Allerdings: Der IWF kann nichts dafür. Die jährlichen „Konsultationen“ laufen überall so ab, dass IWF-Experten einfallen, mit Regierungs- und Notenbankvertretern aktuelle Probleme besprechen, diese dann in ein gemeinsames Papier mit vielen „man könnte“, „man sollte“ und „man müsste“ gießen und wieder abzischen. Die Regierung pickt sich dann ein paar vorsorglich ins Papier eingestreute Rosen heraus (in diesem Fall bietet sich die Anmerkung, dass Österreich „Schritte in die richtige Richtung“ gesetzt habe, an) – und dann ist wieder für ein Jahr Ruhe.

Wie gesagt: Der IWF kann nichts dafür, dass diese Papiere seit vielen Jahren fast wortident die gleichen ungelösten Probleme auflisten. Manche dieser Probleme warten unterdessen schon so lang auf Lösungen, dass sie selbst unter den IWF-Vorgaben für das Antrittsalter schön langsam pensionsreif werden. Sehr wohl muss man aber die Regierung in die Pflicht nehmen. Einmal im Jahr in den IWF-Spiegel zu schauen und diesen dann mit der Bemerkung „Könnte besser aussehen“ wieder wegzulegen ist leider entschieden zu wenig.
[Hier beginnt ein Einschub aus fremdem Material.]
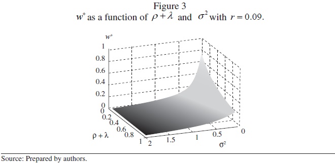 iff 0 < w+ < 1. Figure 3 shows w+ as a function of ρ + λ and σ2 with a constant value of r.

Gefordert ist da vor allem der Finanzminister, der, wie man an seinen öffentlichen Aussagen ablesen kann, ja durchaus über entsprechendes Problembewusstsein verfügt. Er sollte vielleicht dazu übergehen, statt öffentlich Reformen einzumahnen lieber ordentlich auf den Ministerratstisch zu hauen und diese dort kategorisch einzufordern.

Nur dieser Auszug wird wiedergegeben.